WHERE Id = 123456 (works perfectly)
Unfortunately 95% of the requests look like this:
SELECT *
FROM myTable
WHERE Fk1 = 123456 AND FK2 = 654321
-- works badly because it gets 100.000 - 300.000 records but I need all of them. Yes, unique index is used because order of index is correct )
UPDATE myTable
SET Value1 = '1', Value2 = '2', Value3 = '3', Value 4 = '4',
Value5 = '5', Value6 = '6', Value7 = '7', Value8 = '8'
WHERE Fk1 = 123456 AND FK2 = 654321 -- horrible because also 300.000 and yes, unique index is used because order of index is correct )
Instead I would like to design it like that:
Id1 bigint (PK) -- Clustered Composite Index (former FK1 column)
Id2 bigint (PK) -- Clustered Composite Index (former FK2 column)
ContentColumn JSON -- Contains all former Value columns and the FK3 column as an array of objects. A object is column FK3, Value1, Value2 ....
ArrayLength INT -- length of json array
- Former FK1 and Fk2 are now a clustered unique composite PK because 95% are selecting and updating on that
- This means of course when I run in my 5% situation I have to load more than I actually need but in my opinion it is still worth
- I have to know of course in which Json FK3 is before request but I do that because of some other logic
- I also do not necessary need the composite unique constraint together with FK3.
- Foreign key constraint of FK3 is also not necessary.
- There are no form of SQLs that specifically read or search in a specific former Value column e.g. WHERE Value5 = 'ABC'
So what do you guys think? Should I give it a try?
Or do you have some completely different ideas?
Thanks for any help!
CodePudding user response:
Or do you have some completely different ideas?

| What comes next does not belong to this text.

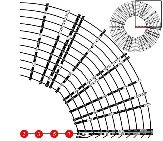 The above cases of 7 and 11, shown in Figure 1 and 2 respectively, are not exceptional. Indeed, through similar operations shown in Figure 1 and 2, more arrays of seven prime numbers may be derived from greater prime numbers (i.e., 13, 17, 19, 23, 29, and 31), and these 7-element arithmetic progressions have a common difference of 30 and cover all prime numbers (and also rare composite numbers) in the scope [7, 211]. Arranging these arithmetic progressions orderly on radii of a circle, the regular distribution of prime numbers in [7, 211] (roughly the scope of X5) is demonstrated in Figure 3.

You can do better with a better set of index designs. You want to optimize for your most expensive queries:
SELECT *
FROM myTable
WHERE Fk1 = 123456 AND FK2 = 654321
-- works badly because it gets 100.000 - 300.000 records but I need all of them. Yes, unique index is used because order of index is correct )
UPDATE myTable
SET Value1 = '1', Value2 = '2', Value3 = '3', Value 4 = '4',
Value5 = '5', Value6 = '6', Value7 = '7', Value8 = '8'
WHERE Fk1 = 123456 AND FK2 = 654321
Making FK1_FK2_FK3 the clustered index and making ID a non-clustered PK would be better. For queries that retrieve a handful of rows, using nested loop join from the non-clustered PK to the composite clustered index should be fine. But doing 300,000 lookups when querying by (Fk1,Fk2) is going to be expensive. It's so expensive that these queries might be doing table scans instead.

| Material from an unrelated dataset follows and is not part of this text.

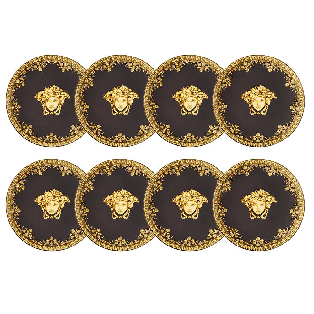 I Love Baroque-tallriken från Versace , gjord av fint porslin , är essensen av förfining och tidlös lyx . Den sofistikerade designen har en djupsvart bakgrund, berikad av en bård dekorerad med gyllene barockmotiv som förkroppsligar den konstnärliga traditionen i hus. I mitten dominerar Medusas ikoniska ansikte, en symbol för makt och evig charm, vilket ger en kunglig och distinkt karaktär åt detta mästerverk.

And after clustering the table by (FK1,FK2,FK3) consider partitioning it by FK2 into 10-100 separate partitions. Then a predicate like WHERE Fk1 = 123456 AND FK2 = 654321 will only have to scan the partition containing FK2=654321, and can seek in that partition directly to the first page with FK1=123456.
In addition consider ROW or PAGE compression if PAGEIOLATCH waits are a significant part of your query runtime.